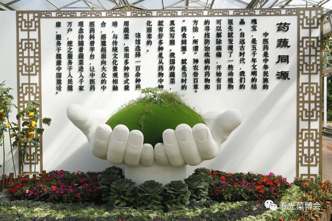 本届菜博会突出地域特色,深化蔬菜与科技、文化的融合,打造了独具菜乡特色的创意农业。以“喜迎党的二十大”为主题,以新时代辉煌业绩为内容打造的“天下情怀”等蔬菜文化景观200多处。选择培育100余种药用蔬菜,将中医药科普、传统文化、健康饮食理念相融合,让健康养生理念进入千家万户。以寿光“三圣”雕塑为核心,结合优良蔬菜品种的廊架园艺栽培模式,精心打造了“圣山叠翠”景观,展现出蔬菜之乡人与自然和谐发展的美好愿景。
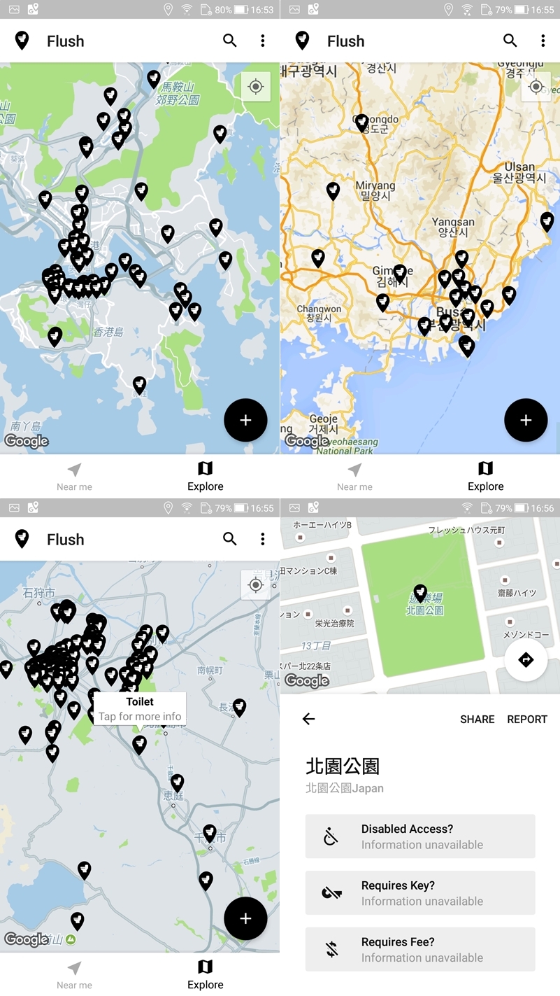 不過在台灣其實加油站和部分便利商店都有廁所,算是如廁很方便的地區,所以阿湯再找了好幾個國家,發現這款 APP 收集的國外資訊似乎比台灣豐富,例如香港、韓國、日本北海道,放大地圖看會更清楚。
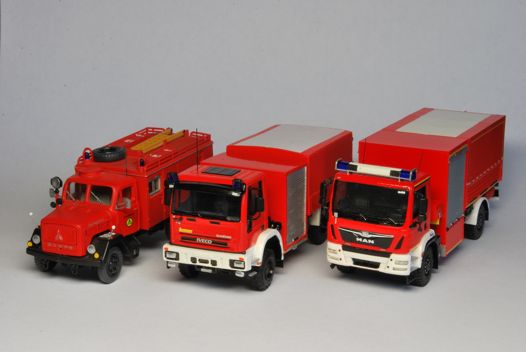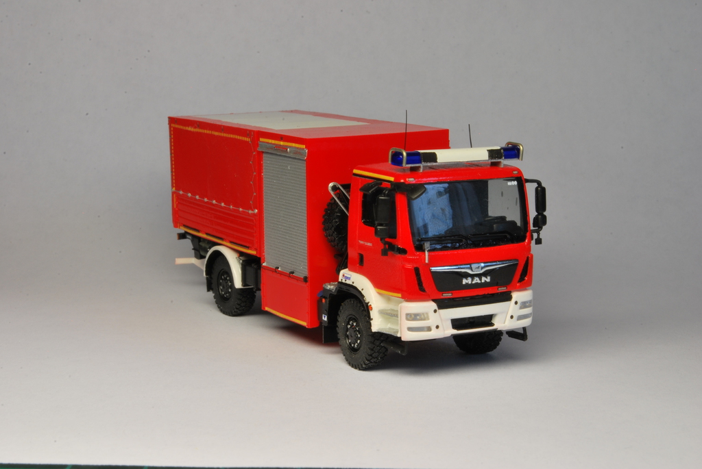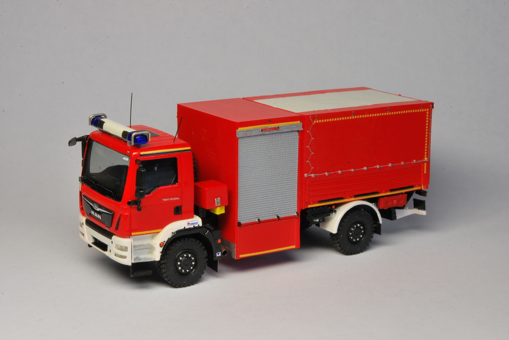 Der Bausatz des Modells stammt von Allgäu-Modellbau und wurde weitestgehend aus der Schachtel gebaut. Die Decals sind von MBSK, genau wie die Kraftstoffkanister unter der Ladefläche auf der Beifahrerseite. Der Blaulichtbalken kommt von Rietze.

####

Goal of the exercise:
What you return should match the material line for line, with the images removed.

Answer box:
 本届菜博会突出地域特色,深化蔬菜与科技、文化的融合,打造了独具菜乡特色的创意农业。以“喜迎党的二十大”为主题,以新时代辉煌业绩为内容打造的“天下情怀”等蔬菜文化景观200多处。选择培育100余种药用蔬菜,将中医药科普、传统文化、健康饮食理念相融合,让健康养生理念进入千家万户。以寿光“三圣”雕塑为核心,结合优良蔬菜品种的廊架园艺栽培模式,精心打造了“圣山叠翠”景观,展现出蔬菜之乡人与自然和谐发展的美好愿景。
 不過在台灣其實加油站和部分便利商店都有廁所,算是如廁很方便的地區,所以阿湯再找了好幾個國家,發現這款 APP 收集的國外資訊似乎比台灣豐富,例如香港、韓國、日本北海道,放大地圖看會更清楚。
 Der Bausatz des Modells stammt von Allgäu-Modellbau und wurde weitestgehend aus der Schachtel gebaut. Die Decals sind von MBSK, genau wie die Kraftstoffkanister unter der Ladefläche auf der Beifahrerseite. Der Blaulichtbalken kommt von Rietze.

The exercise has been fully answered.